Пендер вздохнул, изжелта-бледное лицо побагровело от обуревавших писателя противоречивых чувств. Казалось, вопрос доктора застал его врасплох. Однако он тут же собрался с духом, покачал головой, и в его глазах вновь мелькнул страх.

— Злая, — коротко бросил он. — В этом нет никаких сомнений. Злая и порочная до мозга костей. Она, несомненно, умна, но у нее извращенный, коварный и очень жестокий ум.

Писатель смутился и с подозрением взглянул на собеседника.

— Не бойтесь, — подбодрил его доктор. — Я вовсе не собираюсь над вами смеяться и не считаю сумасшедшим. Скажу больше, меня чрезвычайно заинтересовала ваша история, и вы, сами не сознавая этого, дали мне ключ к разгадке. Видите ли, я успел немало узнать о психических отклонениях…

— Меня сотрясал неудержимый хохот, — продолжал успокоившийся рассказчик, — но я по-прежнему не понимал, над чем смеюсь. Потом с трудом поднялся и отправился за спичками. Я боялся, что слуги проснулись от громоподобных раскатов моего смеха, но, когда зажег лампу, обнаружил, что в комнате никого нет, а дверь заперта. Я наспех оделся и стал спускаться, стараясь сдержать новый приступ смеха. По пути я фиксировал каждое свое движение и даже закрыл рот платком, чтобы неистовствовавший во мне смех ненароком не прорвался наружу и не разнесся по всему дому.
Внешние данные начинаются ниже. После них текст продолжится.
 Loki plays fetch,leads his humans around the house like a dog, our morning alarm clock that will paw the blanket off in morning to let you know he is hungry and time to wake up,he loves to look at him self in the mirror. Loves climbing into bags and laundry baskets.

— И вы ощущали присутствие этой… этой…

— Она все время была со мной, нависала, словно черная туча, — пробормотал Пендер. — Правда, на мгновение мне почудилось, будто я освободился, но, возможно, смех заглушил все остальные мои эмоции.

— Долго ли вы спускались?

— Я как раз собирался об этом сказать. Понимаю, вам известны мои «симптомы». Так вот, я, конечно, думал, что не справлюсь с проклятой лестницей — переход с одной ступеньки на другую занимал минут пять, не меньше, а на преодоление коридора, могу поклясться, у меня ушло не менее получаса. Время не летело, а ползло. Я догадался посмотреть на часы и убедился, что проделал путь, как обычно, за несколько секунд. Однако все равно заторопился и попробовал прибавить шаг. Увы, безрезультатно. Восприятие осталось прежним, и я решил, что осилю дорогу вниз по Патни-Хилл лишь за неделю.
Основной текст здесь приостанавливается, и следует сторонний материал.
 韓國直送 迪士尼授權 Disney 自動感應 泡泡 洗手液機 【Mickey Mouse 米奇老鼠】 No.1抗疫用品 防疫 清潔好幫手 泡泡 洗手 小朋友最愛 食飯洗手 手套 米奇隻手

— Иногда совсем незначительная доза гашиша кардинально меняет ощущение времени и пространства.

— Когда я наконец вошел в кабинет и зажег газовую лампу, то невольно остолбенел — давно знакомые предметы вдруг предстали в ином свете. Меня как будто окатили ледяной водой и… и…

— Да, и что же? — спросил доктор — подавшись вперед, он не спускал глаз с взволнованного рассказчика.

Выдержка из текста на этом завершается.